KJIPUKTUK (Halifax) – Late last year I wrote about my frustration of being passed over when I visited the IWK emergency department with my grandson. 

See also: Raymond Sheppard: Passed over

As a result I was asked to meet with some ranking members of the executive of the IWK hierarchy. I met with Tanya Sheppard and Jane Palmer, both individuals of European descent. 

During our one-hour discussion I restated the facts of my visit to the IWK Hospital for Children in Halifax with my grandson on Sunday December 1, 2019. I felt and still feel, or should I say I know, that I was passed over because I am African Nova Scotian. 

I also mentioned that the IWK has cameras at the hospital and the cameras will not lie unless they are tampered with. 

Both Ms.
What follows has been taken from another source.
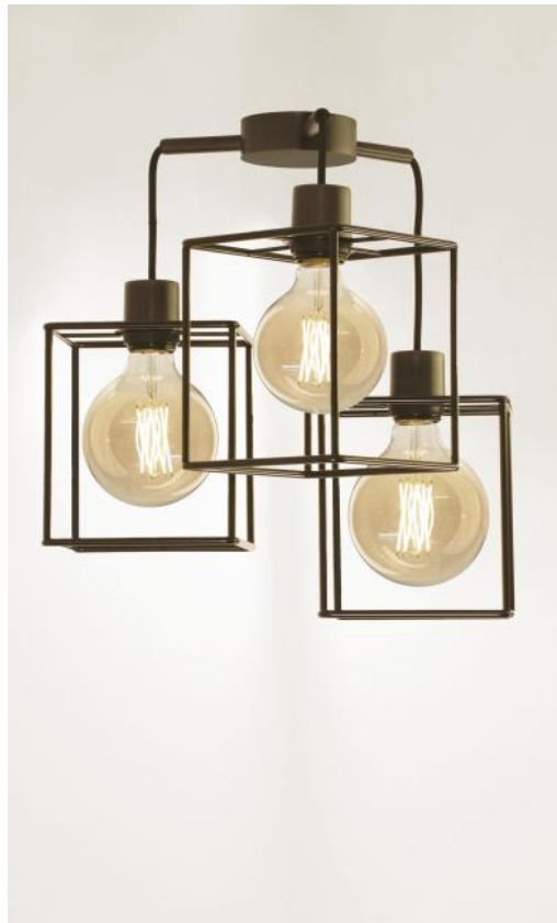
KERMA 3 CEILING in geborsteld brons met structuren in zwarte epoxy afwerking

Sheppard and Ms. Palmer were respectful and kind during our discussion. Ms. Palmer did most of the talking for this team of two. She said that there may have been the perception of being passed over, but the perception is my reality. I then stated that ignorance is no excuse for racism in causing pain.

Ms. Palmer acknowledged that there is a need to be proactive on behalf of those in need of healthcare, especially where persons coming into a facility are in a vulnerable state.

Ms. Palmer asked what I feel could be done to improve relations and one’s experience when there is a need to visit a medical facility.

My response was that “the healthcare system is inefficient, despite living in an age of healthcare miracles, where what would have killed somebody ten years ago no longer does so today.

In Nova Scotia, and all of Canada for that matter, the healthcare system is sick, especially where it pertains to the treatment, or the lack thereof, of African Nova Scotians and persons of colour.

See also: Mayann Francis about incident at Dartmouth General: “I had to explain that racist behaviour is not only calling somebody the N-word”

The system seems bent on profits and saving money on the back of people who are suffering. Nova Scotians know that our healthcare system is in disarray. We have become frustrated and numb over the long wait times and for African Nova Scotians, when we are ignored. I also stated that racial inequality and racism has no place in healthcare. Some will argue that racism does not exist in healthcare in Nova Scotia; most African Nova Scotians would strongly disagree.

This dysfunctional healthcare system is making us sick and prolongs our sickness.

It was at this point that I made some suggestions:

  1. put pictures up that reflect the diversity of the community so many people can identify.
  2. maybe have a person of colour as a greeter.
  3. cultural competency training
  4. emphasize diversity, equity and inclusion, community relations building, respect and equitability, etc.

When I was asked if I wanted to sit on a committee or two. I explained that I would probably only last a week on a committee if there was no recognizing one’s privilege. I also said there needs to be a Cultural Relations Committee and the need for change is system wide 

I will stay on this so that others may have the dignity and respect they deserve. Meanwhile, I still have the option of filing a human rights complaint and I have a number of avenues that I can pursue. Having said this, I would rather work with Ms. Sheppard and Ms. Palmer to bring about meaningful and lasting change.